The low-level routine also supports periodic structures, requiring the cell as an additional argument.

In [3]:
# AuCu crystal structure
positions_pbc = torch.tensor([
    [0.0, 0.0, 0.0],
    [0.0, 0.5, 0.5],
    [0.5, 0.0, 0.5],
    [0.5, 0.5, 0.0]
], dtype=torch.float64)
species_pbc = ['Cu', 'Cu', 'Au', 'Au']

# Unit cell
cell = torch.tensor([
    [4.0, 0.0, 0.0],
    [0.0, 4.0, 0.0],
    [0.0, 0.0, 4.0]
], dtype=torch.float64)

# Periodic boundary conditions in all dimensions
pbc = torch.tensor([True, True, True], dtype=torch.bool)

# Create descriptor for Au-Cu system
descriptor_aucu = ChebyshevDescriptor(
    species=['Au', 'Cu'],
    rad_order=8,
    rad_cutoff=3.5,
    ang_order=5,
    ang_cutoff=3.5
)

# Featurize with PBC
features_pbc = descriptor_aucu.forward_from_positions(
    positions_pbc, species_pbc, cell=cell, pbc=pbc
)

print(f"Crystal feature shape: {features_pbc.shape}")
print(f"Cu atom 0 features (first 10): {features_pbc[0, :10]}")
print(f"Au atom 2 features (first 10): {features_pbc[2, :10]}")

Crystal feature shape: torch.Size([4, 30])
Cu atom 0 features (first 10): tensor([ 2.7079, -1.6137, -0.7845,  2.5488, -2.2533,  0.1369,  2.0901, -2.6281,
         1.0422,  2.4442], dtype=torch.float64)
Au atom 2 features (first 10): tensor([ 2.7079, -1.6137, -0.7845,  2.5488, -2.2533,  0.1369,  2.0901, -2.6281,
         1.0422,  2.4442], dtype=torch.float64)


## 4. Batch Processing

When efficiency matters and many structures need to be featurized, the `BatchedFeaturizer` can be used to help with batch processing.

In [4]:
import torch
from aenet.torch_featurize import ChebyshevDescriptor, BatchedFeaturizer

# Create base descriptor
descriptor = ChebyshevDescriptor(
    species=['O', 'H'],
    rad_order=10,
    rad_cutoff=4.0,
    ang_order=3,
    ang_cutoff=1.5
)

# Wrap in BatchedFeaturizer for efficient batch processing
batch_featurizer = BatchedFeaturizer(descriptor)

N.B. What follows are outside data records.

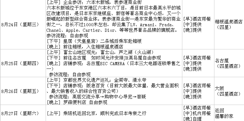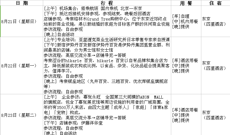 專家隨團指導:中國百貨商業協會、中日韓交流協會、海外游學資深專家全程隨團指導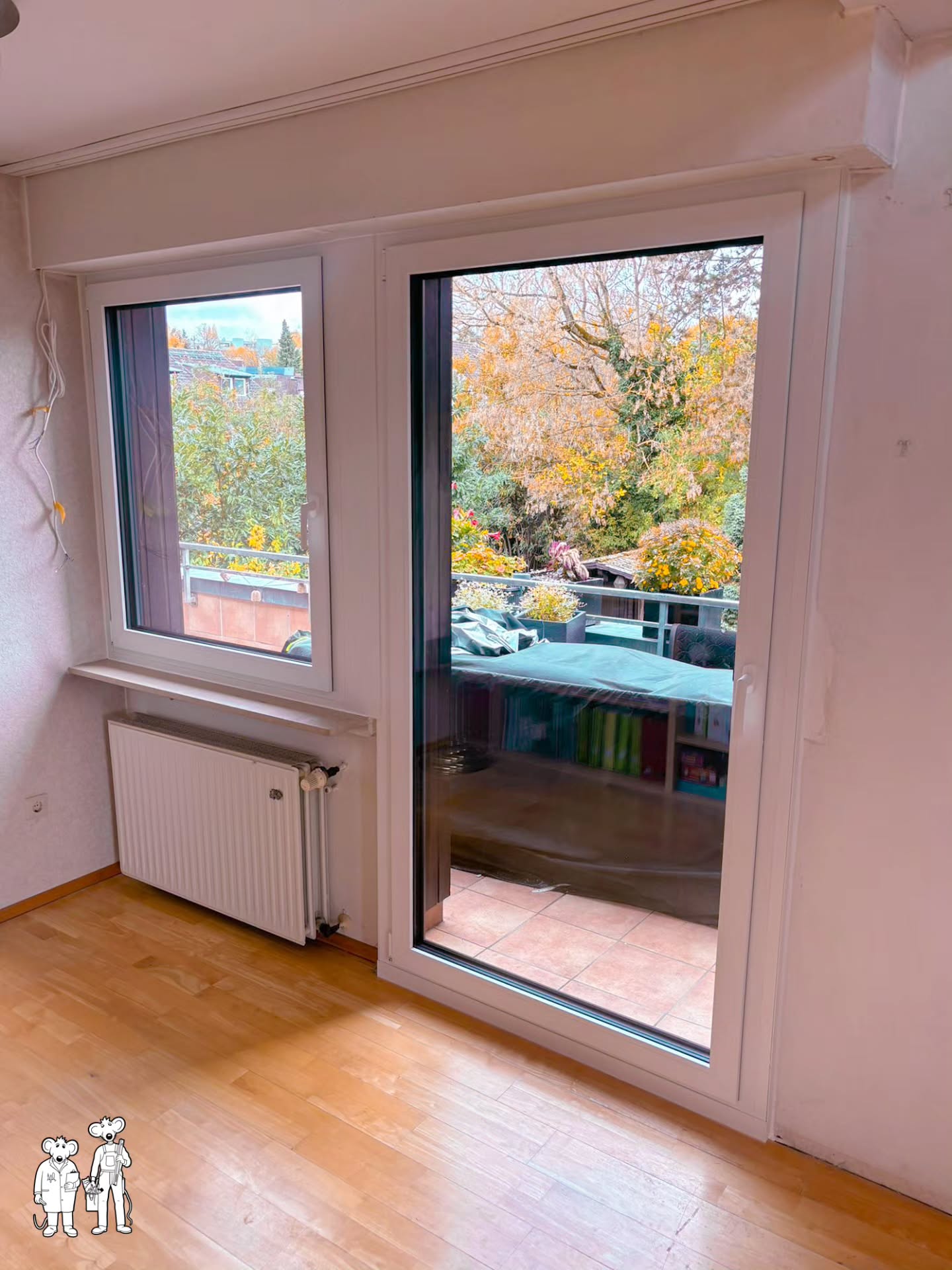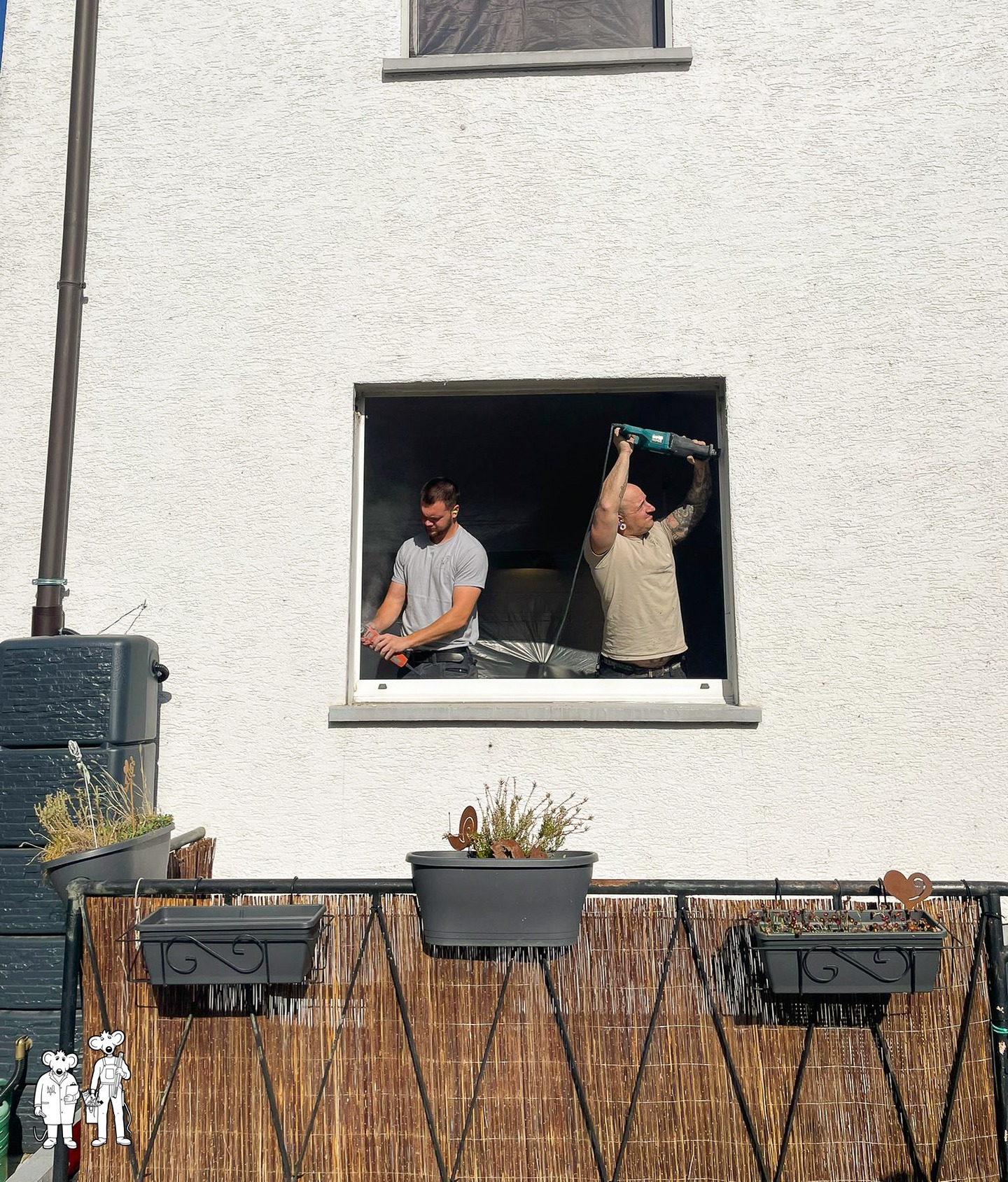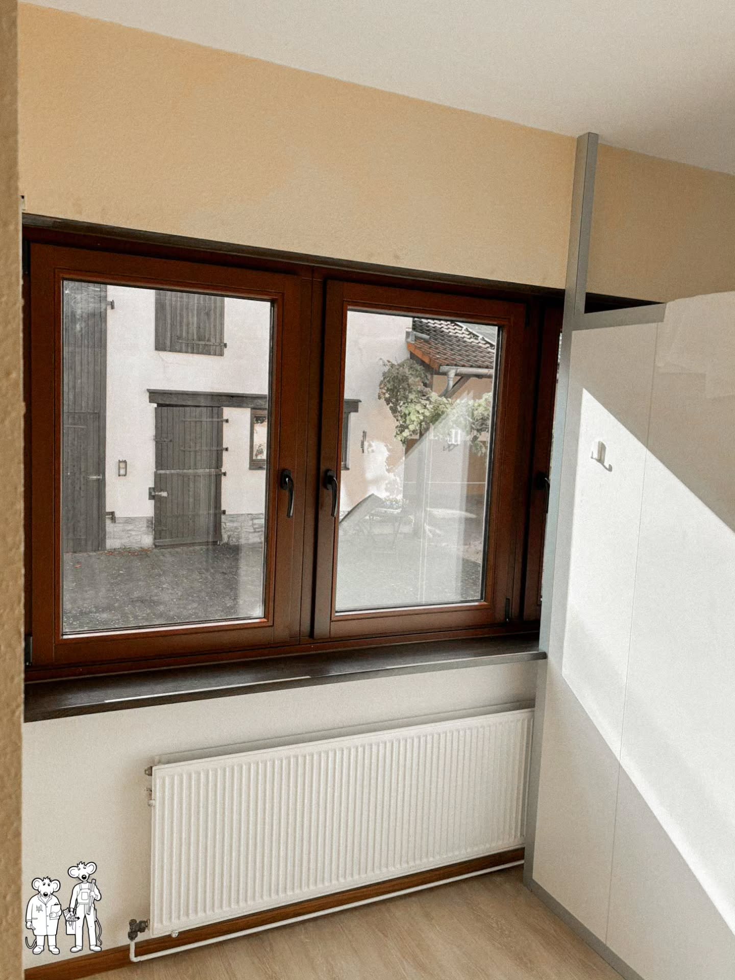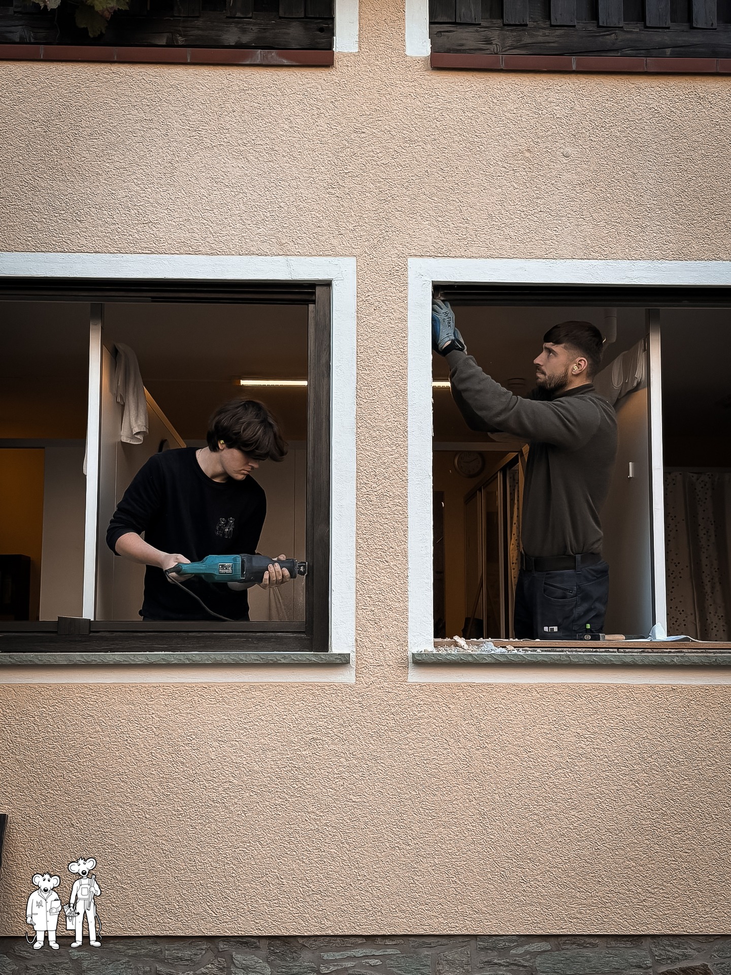 Fenstertausch mit Ausblick! Hier seht ihr Timo (links) und Lennard (rechts) beim fachgerechten Einbau eines neuen Fensters – mit viel Einsatz und einem tollen Blick ins Grüne. Wir wünschen euch allen einen wunderbaren Tanz in den Mai – genießt den Frühling und bleibt handwerksverliebt! #SchreinereiMaus #Wiesbaden #Fenstertausch #TanzInDenMai #HandwerkMitHerz #TeamworkButton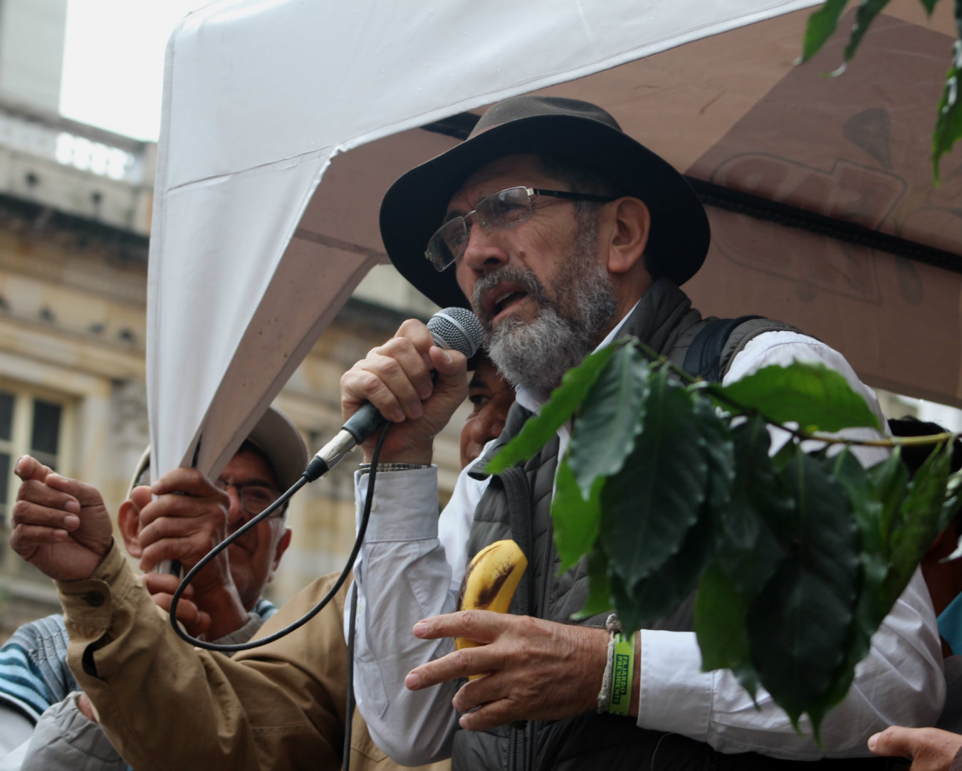 Frente a la sede del Ministerio de Agricultura, ubicada en el centro de Bogotá, docenas de manifestantes oriundos de las zonas cafeteras, vestidos con ruanas, alpargatas y sombreros, se agolparon para exigir el reconocimiento de sus derechos fundamentales y la protección para sus cultivos.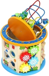 Scopri il versatile cubo educativo in legno 8 in 1, che offre ore di divertimento e allo stesso tempo sviluppa la motricità fine, il pensiero logico e il riconoscimento di colori, forme e numeri. Il percorso a biglie sulla parte superiore, l’inseritore di forme, gli ingranaggi, l’abaco, l’orologio e il pannello di gioco rendono questo robusto giocattolo una scelta ideale per un gioco intelligente.

# Prepare batch of structures (different sizes allowed)
batch_positions = [
    torch.tensor([[0.0, 0.0, 0.0], [1.0, 0.0, 0.0], [0.0, 1.0, 0.0]]),  # 3 atoms
    torch.tensor([[0.0, 0.0, 0.0], [1.0, 0.0, 0.0]]),                   # 2 atoms
    torch.tensor([[0.0, 0.0, 0.0], [1.0, 0.0, 0.0], [0.0, 1.0, 0.0]])   # 3 atoms
]

batch_species = [
    ['O', 'H', 'H'],
    ['O', 'H'],
    ['O', 'H', 'H']
]

# Process entire batch at once
features, batch_indices = batch_featurizer(batch_positions, batch_species)
for i, f in zip(batch_indices, features):
    print(f'Structure {i:.0f}:', f)

Structure 0: tensor([ 1.7071e+00, -8.5355e-01, -8.5355e-01,  1.7071e+00, -8.5355e-01,
        -8.5355e-01,  1.7071e+00, -8.5355e-01, -8.5355e-01,  1.7071e+00,
        -8.5355e-01,  6.2500e-02,  3.8270e-18, -6.2500e-02, -1.1481e-17,
         1.7071e+00, -8.5355e-01, -8.5355e-01,  1.7071e+00, -8.5355e-01,
        -8.5355e-01,  1.7071e+00, -8.5355e-01, -8.5355e-01,  1.7071e+00,
        -8.5355e-01,  6.2500e-02,  3.8270e-18, -6.2500e-02, -1.1481e-17],
       dtype=torch.float64)
Structure 0: tensor([ 1.5756e+00, -6.3825e-01, -1.0249e+00,  1.4154e+00, -1.5777e-01,
        -1.1462e+00,  1.0060e+00,  2.0336e-01, -9.4833e-01,  5.2893e-01,
         2.8494e-01,  2.0122e-03,  1.4228e-03, -3.2358e-19, -1.4228e-03,
        -1.3155e-01,  2.1531e-01, -1.7135e-01, -2.9171e-01,  6.9578e-01,
        -2.9265e-01, -7.0113e-01,  1.0569e+00, -9.4776e-02, -1.1782e+00,
         1.1385e+00, -2.0122e-03, -1.4228e-03,  3.2358e-19,  1.4228e-03],
       dtype=torch.float64)
Structure 0: tensor([ 1.5756e+00, -6.382

## 5. GPU Acceleration

Use GPU for faster featurization (if available).

In [5]:
if torch.cuda.is_available():

    # Create descriptor on GPU
    descriptor = ChebyshevDescriptor(
        species=['O', 'H'],
        rad_order=10,
        rad_cutoff=4.0,
        ang_order=3,
        ang_cutoff=1.5,
        device='cuda'  # Use GPU
    )
    
    # Input tensors automatically moved to GPU
    features = descriptor.forward_from_positions(positions, species)

else:
    print("CUDA is not available.")

CUDA is not available.


## 6. Gradient Computation

Compute feature gradients by setting `requires_grad=True`.

In [6]:
# Enable gradient tracking
positions_torch = positions.detach().clone().requires_grad_(True)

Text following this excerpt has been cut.